You are viewing a plain text version of this content. The canonical link for it is here.

Posted to user@spark.apache.org by Harit Vishwakarma <ha...@gmail.com> on 2015/07/17 13:03:10 UTC

Spark APIs memory usage?

Hi,

I used createDataFrame API of SqlContext in python. and getting
OutOfMemoryException. I am wondering if it is creating whole dataFrame in
memory?
I did not find any documentation describing memory usage of Spark APIs.
Documentation given is nice but little more details (specially on memory
usage/ data distribution etc.) will really help.

-- 
Regards
Harit Vishwakarma

Re: Spark APIs memory usage?

Posted by Akhil Das <ak...@sigmoidanalytics.com>.

This is what happens when you create a DataFrame
<https://github.com/apache/spark/blob/master/sql/core/src/main/scala/org/apache/spark/sql/SQLContext.scala#L430>,
in your case, rdd1.values.flatMap(fun) will be executed
<https://github.com/apache/spark/blob/master/sql/core/src/main/scala/org/apache/spark/sql/DataFrame.scala#L127>
when you create the df.

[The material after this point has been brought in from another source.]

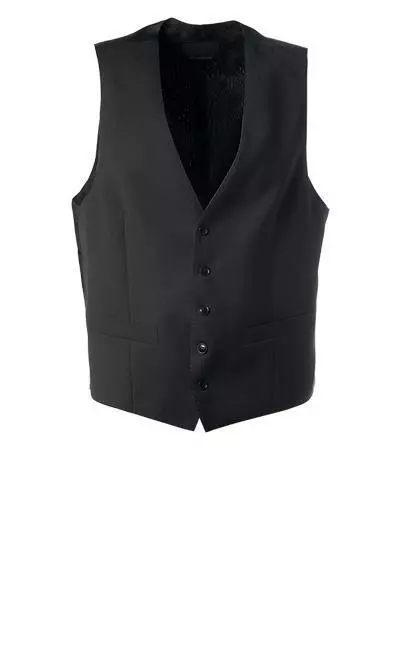 Details zur Weste: Mit kleinen Schlitzen, Spitzer Saumverlauf, V-Ausschnitt, Weitenregulierbarer Taillenriegel mit Schließe, Leistentasche/n

Can you check just rdd1.values.flatMap(fun).count()
or a save just to see it executes without any problems.

Thanks
Best Regards

On Sat, Jul 18, 2015 at 2:27 PM, Harit Vishwakarma <
harit.vishwakarma@gmail.com> wrote:

> Even if I remove numpy calls. (no matrices loaded), Same exception is
> coming.
> Can anyone tell what createDataFrame does internally? Are there any
> alternatives for it?
>
> On Fri, Jul 17, 2015 at 6:43 PM, Akhil Das <ak...@sigmoidanalytics.com>
> wrote:
>
>> I suspect its the numpy filling up Memory.
>>
>> Thanks
>> Best Regards
>>
>> On Fri, Jul 17, 2015 at 5:46 PM, Harit Vishwakarma <
>> harit.vishwakarma@gmail.com> wrote:
>>
>>> 1. load 3 matrices of size ~ 10000 X 10000 using numpy.
>>> 2. rdd2 = rdd1.values().flatMap( fun )  # rdd1 has roughly 10^7 tuples
>>> 3. df = sqlCtx.createDataFrame(rdd2)
>>> 4. df.save() # in parquet format
>>>
>>> It throws exception in createDataFrame() call. I don't know what exactly
>>> it is creating ? everything in memory? or can I make it to persist
>>> simultaneously while getting created.
>>>
>>> Thanks
>>>
>>>
>>> On Fri, Jul 17, 2015 at 5:16 PM, Akhil Das <ak...@sigmoidanalytics.com>
>>> wrote:
>>>
>>>> Can you paste the code? How much memory does your system have and how
>>>> big is your dataset? Did you try df.persist(StorageLevel.MEMORY_AND_DISK)?
>>>>
>>>> Thanks
>>>> Best Regards
>>>>
>>>> On Fri, Jul 17, 2015 at 5:14 PM, Harit Vishwakarma <
>>>> harit.vishwakarma@gmail.com> wrote:
>>>>
>>>>> Thanks,
>>>>> Code is running on a single machine.
>>>>> And it still doesn't answer my question.
>>>>>
>>>>> On Fri, Jul 17, 2015 at 4:52 PM, ayan guha <gu...@gmail.com>
>>>>> wrote:
>>>>>
>>>>>> You can bump up number of partitions while creating the rdd you are
>>>>>> using for df
>>>>>> On 17 Jul 2015 21:03, "Harit Vishwakarma" <
>>>>>> harit.vishwakarma@gmail.com> wrote:
>>>>>>
>>>>>>> Hi,
>>>>>>>
>>>>>>> I used createDataFrame API of SqlContext in python. and getting
>>>>>>> OutOfMemoryException. I am wondering if it is creating whole dataFrame in
>>>>>>> memory?
>>>>>>> I did not find any documentation describing memory usage of Spark
>>>>>>> APIs.
>>>>>>> Documentation given is nice but little more details (specially on
>>>>>>> memory usage/ data distribution etc.) will really help.
>>>>>>>
>>>>>>> --
>>>>>>> Regards
>>>>>>> Harit Vishwakarma
>>>>>>>
>>>>>>>
>>>>>
>>>>>
>>>>> --
>>>>> Regards
>>>>> Harit Vishwakarma
>>>>>
>>>>>
>>>>
>>>
>>>
>>> --
>>> Regards
>>> Harit Vishwakarma
>>>
>>>
>>
>
>
> --
> Regards
> Harit Vishwakarma
>
>

Re: Spark APIs memory usage?

Posted by Harit Vishwakarma <ha...@gmail.com>.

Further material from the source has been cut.